DevOps Blog - Nicolas Paris

Kubernetes and Google Cloud Container Registry

KubernetesDevOps

We want an read access to a private Google Cloud Container Registry for a Kubernetes Deployment, we'll see for Helm here as well.

Service Account Key

First, you need to create a service account in GCP.

About rights, I might gave something too broad, but is seems that I needed something like that:

storage.buckets.get
storage.objects.create
storage.objects.delete
storage.objects.get
storage.objects.list
container.clusters.get
container.clusters.get
container.configMaps.create
[...]

Create a Kubernetes Secret

The idea is to add a secret inside the cluster.

kubectl create secret docker-registry gcr-io   --docker-server eu.gcr.io   --docker-username _json_key   --docker-email xxx@xxx.iam.gserviceaccount.com     --docker-password="$(cat ./docker.json)"

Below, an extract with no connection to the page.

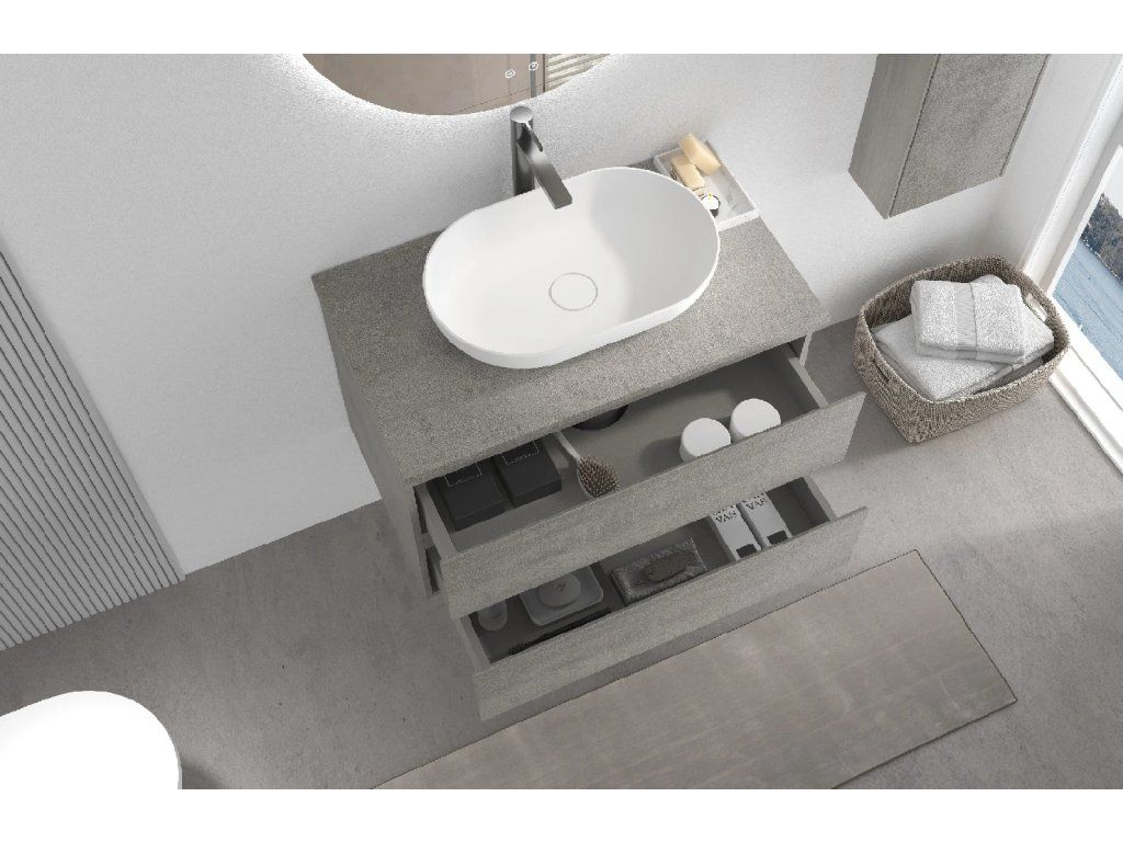 CERANO - Kúpeľňová skrinka Carole s doskou pod umývadlo - 18 mm - betónovo šedá - 80x49,8x46,5 cm

This will give you something like that:

$ k describe secret/gcr-io
Name:         gcr-io
Namespace:    default
Labels:       <none>
Annotations:  <none>

Type:  kubernetes.io/dockerconfigjson

Data
====
.dockerconfigjson:  5718 bytes

Kubernetes Deployment

Let's simplify it. The important bit is ImagePullSecrets.

apiVersion: apps/v1
kind: Deployment
metadata:
name: foo
spec:
replicas: 1
selector:
matchLabels:
- foo
template:
metadata:
labels:
- foo
spec:
imagePullSecrets:
- gcr_io
containers:
- name: nginx
image: nginx
ports:
- name: http
containerPort: 80
protocol: TCP

With Helm

It's ready to be inject in the default template, just add in the values.yaml

imagePullSecrets:
- name: gcr-io

It's not difficult to add your Kubernetes Cluster rigths to read the Google Cloud Container Registry.